Lucien, who was as usual pacing round the table, took the tea towel out of Alexandra’s hands and replaced it with a handkerchief.

‘It wasn’t very clean,’ he whispered.

‘… not as clapped out as all that,’ repeated Vandoosler.

‘I told you, the car brought back memories!’ said Alexandra. ‘If you can understand why people run away, you can surely understand why they might want to sell their fucking car!’

‘Yes, indeed. But if these memories were so painful, why didn’t you get rid of the car sooner?’

‘Because … because you think twice about dumping the fucking memories!’ cried Alexandra.

‘A word of advice, Alexandra. Don’t say “fucking” twice to a policeman. With me, it doesn’t matter. But on Monday don’t do it. Leguennec won’t react, but he won’t like it. Don’t say “fucking” to him. Anyway you should never say it to a Breton, the Breton gets to say it to you. That’s the rule.’

‘So why did you call in Leguennec in the first place?’ asked Marc. ‘If he isn’t going to believe a blind word anyone says, and if he doesn’t like people saying “fucking” to him?’

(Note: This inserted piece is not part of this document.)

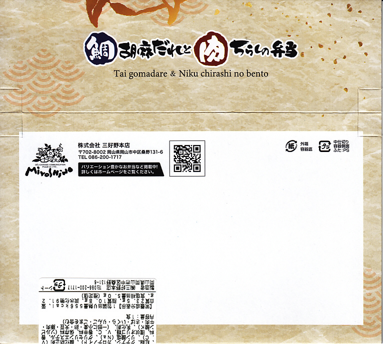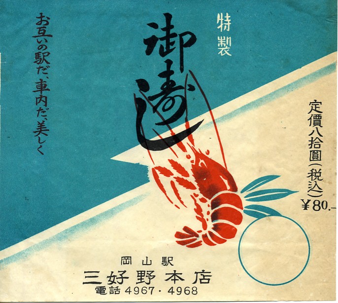 昭和20年代のものと思われる、昔の岡山駅弁の掛紙。漢字が右上スローガンの「駅」は新字体で価格は旧字体であるが、当時は両者が混用されていたのだろうか。

‘Because Leguennec is a good officer; because he’s a friend; because it was on his patch; because he will pick up all the possible clues for us; and because at the end of the day I’ll be able to do what I want with the clues. I’m talking about me, Armand Vandoosler.’

‘So you say,’ cried Marc.

‘Stop shouting, St Mark, it won’t get you to heaven, and stop interrupting me. I’ll continue. Alexandra, you gave up your job three weeks
ago, because of your plan to leave Lyon. You sent a postcard to your aunt with a star on it, and a rendezvous in Lyon. The whole family knows about the old affair with Stelios and they all know what a star would mean to Sophia. You get to Paris in the evening, you intercept your aunt and you tell her some story about Stelios being in Lyon, you take her off in your car, and you kill her. Right? You dump the body somewhere, in Fontainebleau forest, for instance, or Marly forest, whatever, in some remote spot, so that she won’t be found too quickly-because that will make it harder to date the time of death and alibis will be hard to disprove. And you go back to Lyon the next morning. Days pass, nothing in the papers. That’s fine, it’s what you wanted. But then you start to get anxious. The spot is too remote. No body, no inheritance. It’s time to come back again. You sell the car, you take care to explain that you would never take it to Paris, and you come up by train. You make sure somebody notices you, by sitting stupidly in the rain with the little boy, without even going to the nearest café for shelter. You certainly don’t want anyone to think that Sophia disappeared voluntarily. So you make a fuss, and the police enquiries start up again. You borrow your aunt’s car on Wednesday night, you go off to fetch the corpse, taking great care to leave no traces in the boot of the car-and that’s a painful task, you need plastic bags, protective material, various grisly details-and you transfer it to an abandoned old car in some street in a low-class district. You set it on fire, so as to destroy all trace of the handling, the transport and the plastic bags. You know that Sophia’s little good-luck stone will survive the fire. It had already survived the volcano that spewed it up. So, the job is done, the corpse is satisfactorily identified. You don’t officially borrow the car your uncle offers you until the next day. And then the story is that you just want to drive round in the night, without any special purpose. Or perhaps you wanted to cover up for the night when you
were
driving with a very precise purpose, just in case somebody saw you. And one more thing. Don’t look for your aunt’s car. It went off to the forensic lab to be examined yesterday morning.’